Likewise, she must again go through the formality of outlining how PwC’s client onboarding process occurs. You can read a previous live blog for more information about the company’s process.


12:42 | After Antoine Cremona steps off the witness stand, the prosecution says that a total of ten witnesses remain for the day, pointing out that they were not expecting such detailed, thorough cross-examination from the defence.

After loud protestations from the defence about the unrealistic amount of witnesses summoned for the day, the parties sift through the list of witnesses which can be heard today.

It seems we will be settling for two more representatives from PwC for the day while the other witnesses will be sent home to come back for another hearing.


12:33 | The defence circles back to Joseph Muscat, and Cremona says that neither he nor his team had any contact with the disgraced former prime minister. The defence asks the witness to clarify the firm’s advice about the MoU, and Cremona says that the MoU made the request for proposals vulnerable to the possibility of appeals from third parties who felt the bidding process may have been prejudiced by the MoU. This was largely due to the signatories on that MoU being the same ones who were behind what later was the winning bidder.

The witness refers to meetings which were held with the director of the department of contracts, and clarifies that Ganado Advocates had held these meetings due to the complications caused by the transitional period of the aforementioned EU directive.
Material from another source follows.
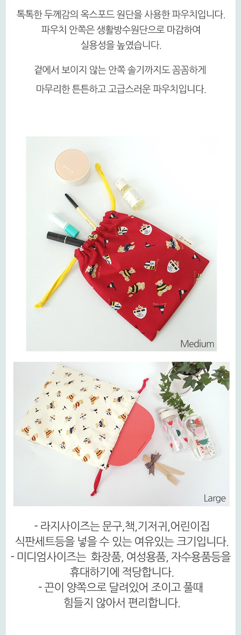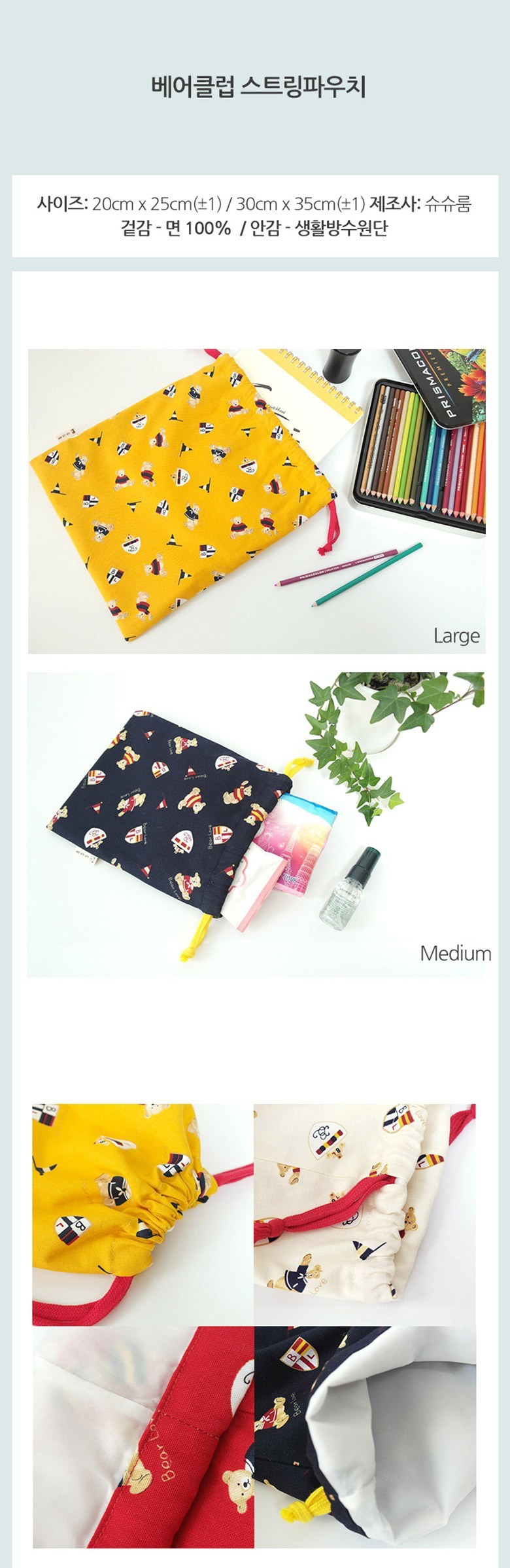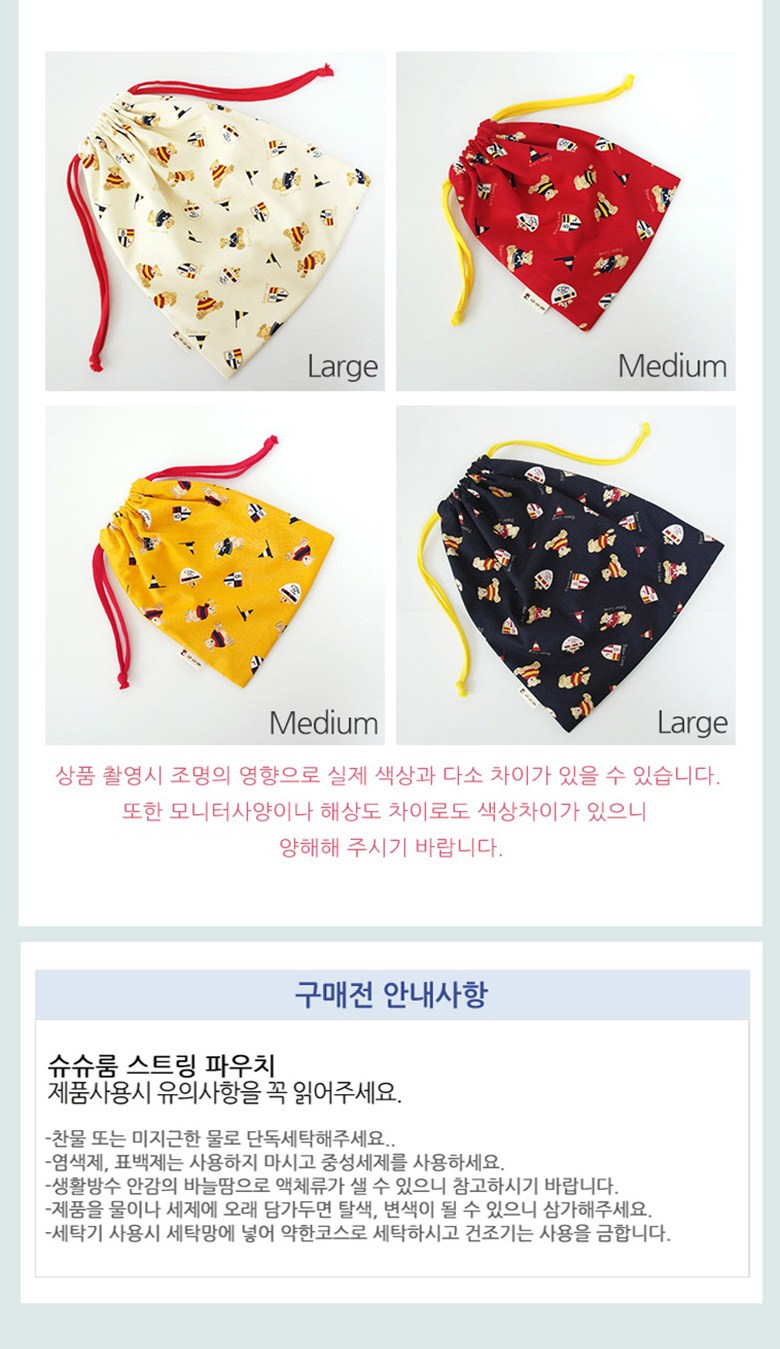 슈슈룸 베어클럽 방수안감 복조리 끈 스트링 파우치
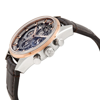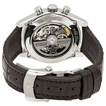 Silver-tone stainless steel case with a brown alligator leather (w. protective rubber lining) strap. Fixed rose gold 18kt. rose gold bezel. Skeletal dial with rose gold-tone hands and index hour markers. Minute markers around the outer rim. Dial Type: Analog. Luminescent hands and markers. Date display between 4 and 5 o'clock position. Chronograph - three sub-dials displaying: 60 seconds, 30 minutes, and 12 hours. Zenith Calibre El Primero 400 automatic movement with a 50-hour power reserve. Scratch resistant sapphire crystal. Pull / push crown. Transparent case back. Round case shape, case size: 38 mm, case thickness: 12.45 mm. Band width: 19 mm. Triple folding clasp. Water resistant at 100 meters / 330 feet. Functions: chronograph, column wheel, date, hour, minute, small second. Luxury watch style. Watch label: Swiss Made. Zenith El Primero Chronomaster Stainless Steel & Rose Gold Automatic Skeletal Dial Men's Watch 51.2151.400/78.C810.

The defence insists on asking questions which have already been directed at the witness, in spite of the magistrate’s repeated reminders to avoid repetition wherever possible. The witness has been on the stand for over an hour already, and has faced questions from four defence lawyers and counting.

After two more repetitive rounds of questions from defence lawyers Stefano Filletti and Edward Gatt, Jason Grima and Shazoo Ghaznavi are queued up for their turn. The witness’ answers are increasingly curt, and he is redirecting the defence towards Ganado Advocates’ legal advice which was submitted as evidence earlier on.


12:24 | Lawyer Vince Galea takes over questioning.

Galea: “Did Joseph Muscat ever interact with your firm or yourself?”
Cremona: “I never met Muscat and I do not believe the firm had any connections to him, either.”

The witness is asked to exhibit the letter of engagement issued by his firm as well as the legal advice provided to the government in relation to the request for proposals. Ganado Advocates were also asked to sign an NDA, which is also submitted as evidence in court. The witness will be testifying about these in more detail at a later stage.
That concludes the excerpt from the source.